Most of the TCMs derived from these quinonoids have purgative and anticoagulant effects. Particularly, anthraquinones are widely distributed in purgative drugs. For example, Rheum palmarum, Aloe vera, Folium Sennae, and Polygonum bistorta contain a large number of anthraquinones. These drugs may regulate lung function by acting on the intestinal microenvironment.
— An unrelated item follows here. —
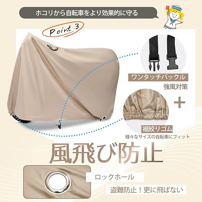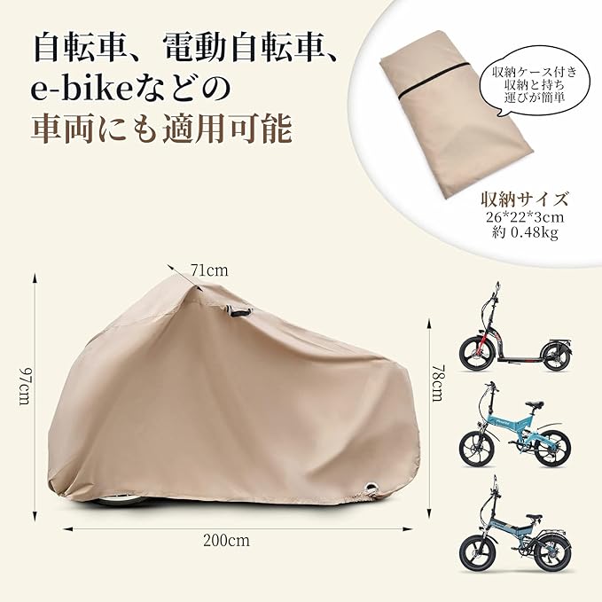 自転車カバー 防水 厚手 日焼け防止/防雪/霜防止 全被り 破れにくい 高耐久 雨避けカバー 盗難防止ロック穴付き 防風&防塵 耐熱 UVカット 電動自転車対応 210Dオックス製 バイクカバー 収納袋付き ベージュ

Quinonoids are extensively distributed in the plant kingdom and possess a wide spectrum of pharmacological properties. However, recent studies on safety of quinonoids have found that some quinonoids can cause toxicity to the digestive system, urinary system, reproductive system, and immune system; the degree of toxicity mainly depends on dose and exposure time [70-73]. Many reports showed that aloe-emodin exerted hepatotoxicity and nephrotoxicity by inducing apoptosis in the Fas death, mitochondrial, and ER stress-triggered signaling pathway [70, 71]. In addition, emodin could also lead to reproductive toxicity, particularly in high doses and/or long-term use. In male reproductive organs/tissues, the toxicity study of emodin indicated that it has testicular toxicity because of the disruption of the expression of testicular genes. Therefore, long-term administration of high doses of anthraquinone extracts should be avoided altogether during pregnancy [72]. The investigations of potential genotoxicity of plumbagin demonstrated that it can induce significant DNA damage in a dose-dependent manner [74], while the evaluation of cytotoxic properties of plumbagin on SKMEL 28 melanoma cell lines and human lymphocytes showed that a very low concentration of plumbagin is sufficient to induce cytotoxic effect on normal cells [73].
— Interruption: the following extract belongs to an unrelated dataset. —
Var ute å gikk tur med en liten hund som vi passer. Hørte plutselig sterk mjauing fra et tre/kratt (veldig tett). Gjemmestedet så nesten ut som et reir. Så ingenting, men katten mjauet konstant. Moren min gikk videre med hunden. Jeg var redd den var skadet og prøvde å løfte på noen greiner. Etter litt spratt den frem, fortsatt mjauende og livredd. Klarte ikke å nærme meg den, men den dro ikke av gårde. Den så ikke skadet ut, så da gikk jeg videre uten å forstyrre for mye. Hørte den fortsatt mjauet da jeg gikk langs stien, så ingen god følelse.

Furthermore, some quinonoids are also known to have poor intestinal absorption, short elimination half-life, and low bioavailability in vivo [75], which limit their clinical application further. Traditional drug delivery systems would not be the best method of application of these quinonoids. Therefore, further research studies are needed to improve the bioavailability of quinonoids, reduce toxicity, and enhance their efficacy. Zhou et al. [76] developed a novel hydrogel-based drug delivery system for the delivery of rhein. This rhein-chitosan hydrogel exhibited superior characteristics including sustained release and low toxicity. Aithal et al. [77] compared the pharmacokinetic, biodistribution, pharmacodynamic, and toxicity profiles of free juglone with a sterically stabilized liposomal form. The results showed that sterically stabilized liposomes (SSLs) of juglone exhibited enhanced anticancer activity in vitro and in vivo with reduced toxicity profiles. SSLs also significantly improved the pharmacokinetic and biodistribution attributes of juglone resulting in enhanced plasma half-life and higher tumor accumulation in vivo. Zhang et al. [78] investigated the pharmacokinetic characteristics of rhubarb anthraquinones in rats after being orally administered with rhubarb and rhubarb total free anthraquinone oral colon-specific drug delivery granules. The results found that oral colon-specific drug delivery technology made anthraquinone aglycone to colon-specific release after oral administration. This allowed anthraquinones to not only play the corresponding purgative effect but also avoid intestinal absorption and promote excretion and thereby greatly reduced the nephrotoxicity of anthraquinones. Thus, further development of quinonoids can be focused on modification of pharmaceutical formulation to improve pharmacokinetic properties. In addition, a dose-ranging study in animal models should be performed to obtain information on the safety window of effective and toxic doses for extrapolation to humans.